Components of a Well-Formed Problem Statement

Creswell (2013) states that a well-formed problem statement should provide the references for identifying the variables that intervene in the research process. The statement of the problem should give the magnitude of the research subject in terms of the rate of occurrence. The problem statement also gives an account of the persons affected by the problem or behavior under study in addition to providing the geographical span of the problem to enable the research user to identify the intervening variables (Collis & Hussey, 2013). Further, a research statement states when the variable under study occurs and states how serious the problem is as well as the response of the system to the problem.

The statement of the problem involves stating the problem clearly, sub-dividing the problem, and formulating the hypothesis (Hernon & Schwartz, 2007).

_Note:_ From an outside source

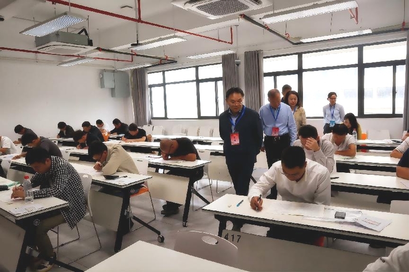 陳孝平、高軍剛一行首先來(lái)到學(xué)院考點(diǎn),實(shí)地考察了監(jiān)控室、考務(wù)室以及各個(gè)考場(chǎng),詳細(xì)了解了考場(chǎng)布置、后勤保障、應(yīng)急處置、綜合服務(wù)、考生參考人數(shù)、參考率等情況,對(duì)學(xué)院在考點(diǎn)組織、考場(chǎng)管理以及服務(wù)保障等方面工作給予了充分肯定。

The statement of the problem should be done with integrity with a careful phrasing to embody the goal of the research project. It should entail a minimum of 250 words and contain the general problem and purpose of the study and citations given. The problem must be specific, clear, precise, and identifying the purpose of the study. The research questions, boundaries of the study, generalization, and the importance of the study must be included without using jargon.

The problem is sub-divided to manageable levels since the research problem may be multifaceted thereby making it hard to examine and resolve. The sub-divisions of the problem should be independently researched and tied to the research data and thus contribute to the whole problem. A hypothesis is formulated to give direction to the relationship of the variables to enable the researcher to explore the problem deeply. It also acts as a yardstick to measure the test findings of the data.

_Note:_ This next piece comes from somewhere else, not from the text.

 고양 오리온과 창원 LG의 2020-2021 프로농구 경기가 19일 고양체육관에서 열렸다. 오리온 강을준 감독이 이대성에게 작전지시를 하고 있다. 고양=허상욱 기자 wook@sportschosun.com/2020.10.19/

Reasonable Theoretical Framework

A theoretical framework of a research serves as a link to the existing knowledge which guides researchers to formulate a hypothesis and come up with an appropriate research method. A researcher is able to answer questions of how and why by stating the theoretical assumptions of the research study (Hernon & Schwartz, 2007). Further, the theoretical framework serves to provide a broader view of uncountable phenomenon facets and deter researchers from merely explaining the phenomena. It also pinpoints the major variables that form the phenomenon of interest by identifying the confines of some generalizations (Ellis & Levy, 2008). It is through a theoretical framework that a researcher can investigate the differences in variables in multiple groups.

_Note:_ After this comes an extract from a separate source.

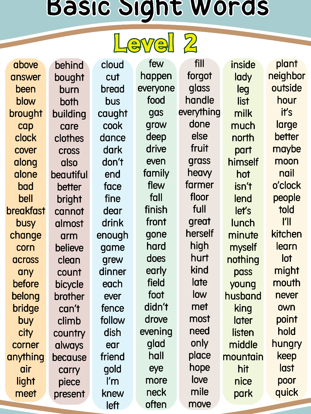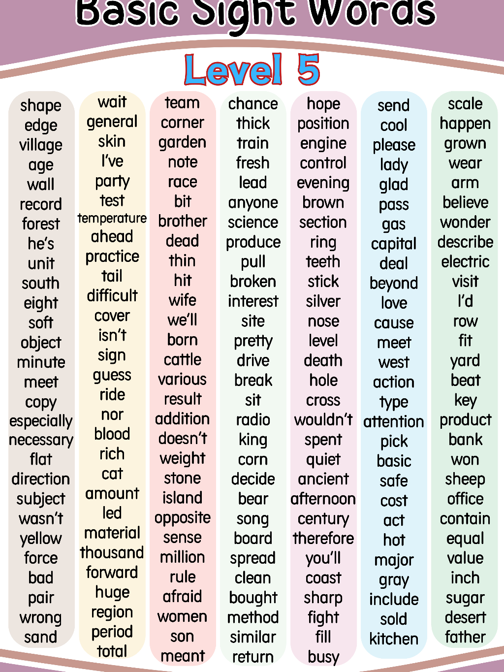 5PCS English Beginning Reading A4 Size Laminated BASIC SIGHT WORDS Level 1-5 for Kids 3-12yrs old

A theoretical framework is developed through brainstorming the major variables of the research project and examining the research problem, topic, or the thesis title. Through a review of the literature, a researcher is able to find the answers to the research problem in addition to identifying the variables and constructs relevant to the study to arrive at the relationship between the major variables of the study (Leedy & Ormrod, 2010). Lastly, a theoretical framework is developed through a discussion of the propositions with the researcher choosing the relevant parts of the process.

Conclusion

A research problem is the statement that completely and clearly lays down the rationale of the research process. Identifying a good research question is thus a constituent element of a reasonable theoretical framework for any research work. This leads the research users to new heights of inquiry as the researcher asks questions that have never been raised before. A research problem should show the possibility of investigation in an empirical manner in terms of data collection and analysis. This entails following some guidelines to resolve the original problem. The researcher should ensure that the research problem meets the set requirements of a researchable problem and applied conclusively.